Dans tous les espaces, certains se focalisent sur les seules tenues vestimentaires pour simplement mettre à l’index une partie de la population, sans chercher à comprendre pourquoi il y a parfois une manifestation d’une appartenance religieuse plus visible. Qui plus est, en se focalisant sur la seule tenue, on en oublie le plus grave, à savoir les contestations actives de la laïcité (par le discours et les actes). La laïcité, je l’ai dit, suppose la neutralité de ceux qui exercent le service public, neutre et impartial. Cela signifie qu’ils ne peuvent, ni avoir de comportement ni porter de signe ou tenue qui marque une appartenance religieuse. En effet, un agent public, dans l’exercice de ses missions, ne représente pas son individualité, mais bien l’administration dans son ensemble. Depuis 2004, les élèves du public ne peuvent porter, quant à eux, que des signes discrets. Cela, parce qu’il a été considéré que, à un âge où l’on est (généralement) mineur et où l’on est en apprentissage, l’espace scolaire doit être préservé d’influences remettant potentiellement en cause le libre arbitre en construction d’enfants et adolescents. Mais, pour le reste, chacun s’habille comme il l’entend. La laïcité garantit aux citoyens la possibilité de manifester leurs appartenances convictionnelles ou religieuses. La seule limite, c’est le respect de l’ordre public et de la liberté d’autrui. Par ailleurs, la dissimulation du visage dans l’espace public (sauf exceptions) est interdite, mais cela ne relève absolument pas de la laïcité, cela relève de questions de sécurité – pouvoir identifier une personne – et des « exigences minimales de la vie en société » – savoir à qui l’on parle -.
Et le port d’un uniforme à l’école, une bonne idée ?

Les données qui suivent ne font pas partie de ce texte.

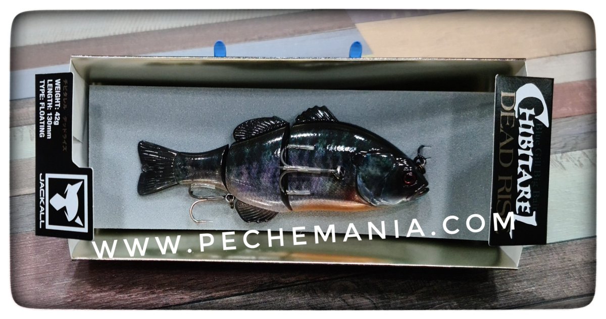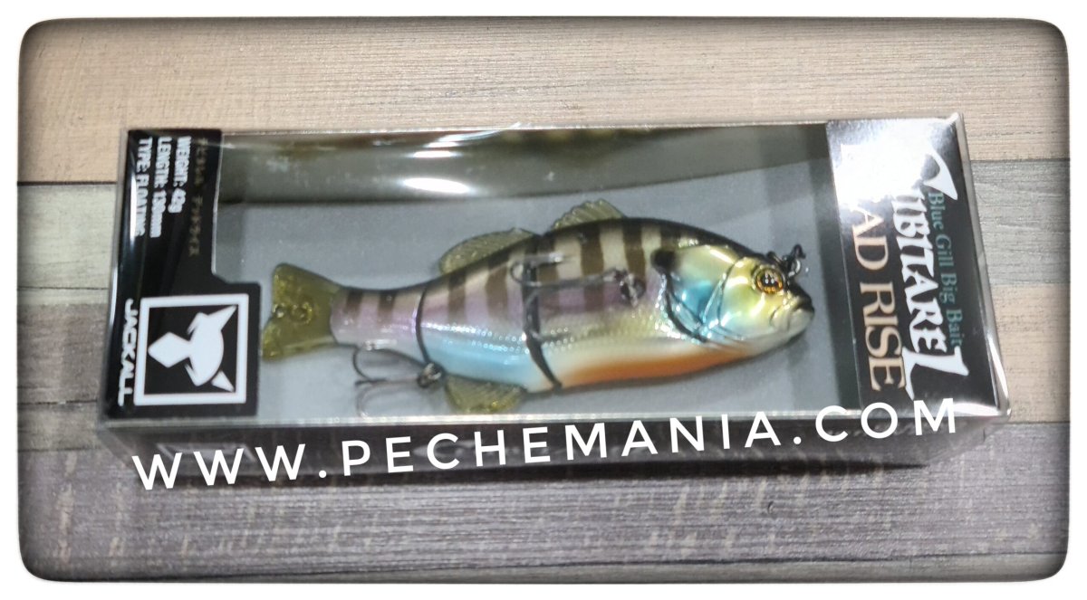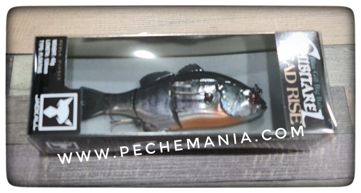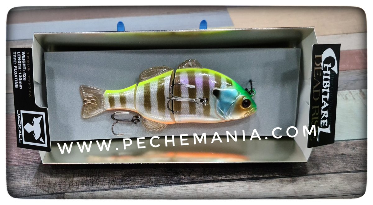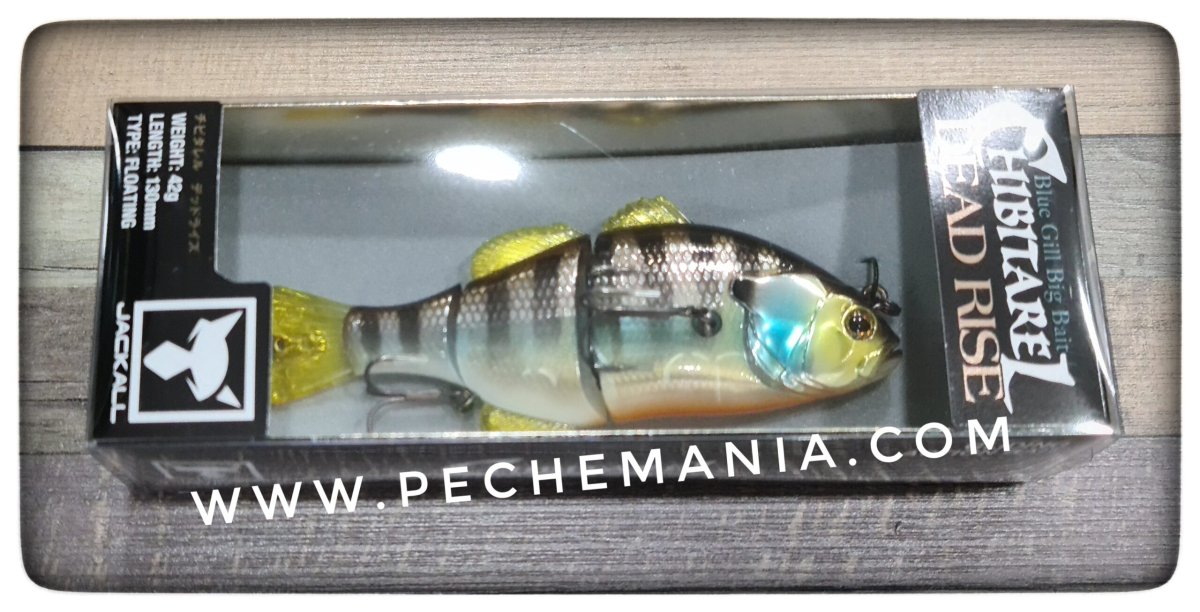 Jackall CHIBITAREL DEADRISE imitates the weakened bluegill perfectly with the following features.1.Deadly rising action is performed when the retrieve is stopped. The shimmy rising movement is just like the weakened bluegill.2.Makes smooth gliding movement in modicum speed retrieve to imitate the escaping bluegill, and unique vertical gliding movement in slow retrieve to imitate the weakened bluegill.3.Jackall cares much about the front hook position, that is side of the body. This front hook is located at the side where fish attacks from below in order to perform the perfect hooking.4.Best floating posture is realized by the good balance of build in weight and hook size. The part of the backside of the bait comes out of the surface.5.Swivel eye for the rear hook increases the catching rate of the big bass.6.Sight marker is made in the joint part for RT Pond Gill/RT Spawn DR Gill/Uroko HL DR Gill colors.

Les raisons d’une volonté d’imposer l’uniforme à l’école dépassent le sujet des signes religieux. Il y a là une logique d’uniformisation du public scolaire et de renforcement d’un sentiment d’appartenance à un établissement, comme s’il devait y avoir concurrence entre établissements et comme si les élèves « appartenaient » à l’école… Il reste que les signes religieux se révèlent être, pour les partisans de l’uniforme – qui ne le demandent qu’au sein de l’école publique… -, un argument supplémentaire. Selon eux, en effet, l’adoption d’une tenue uniforme pour tous les élèves « rendra vaines les tentatives (…) d’imposer une tenue religieuse ou ethnique », citation du député LR et désormais RN, Roger Chudeau, à l’origine d’un rapport à ce sujet. En réalité, une bonne et juste application des lois actuelles ne suppose aucunement d’aller plus loin. De plus, l’uniforme masque – mal, puisque les contournements sont courants – les inégalités sans aucunement les régler. Le coût de sa mise en place serait très conséquent -et potentiellement en partie à la charge des familles – alors même que les moyens manquent cruellement pour favoriser réellement la réussite de tous par des projets pédagogiques, et, parfois, pour simplement chauffer les classes, ou en assurer une meilleure isolation. À l’inverse de ce que l’on entend trop souvent, sans doute en raison d’une confusion avec une blouse qui était portée en classe pour protéger des tâches et qui n’était d’ailleurs pas uniforme, l’uniforme n’a jamais été imposé en France. La lettre aux instituteurs de Jules Ferry de novembre 1883 insistait plutôt sur la libre « conscience de l’enfant » et l’autorité familiale. Bref, la réalité, c’est que la législation républicaine s’est édifiée, y compris dans l’espace scolaire, sur le principe d’ouverture à la diversité.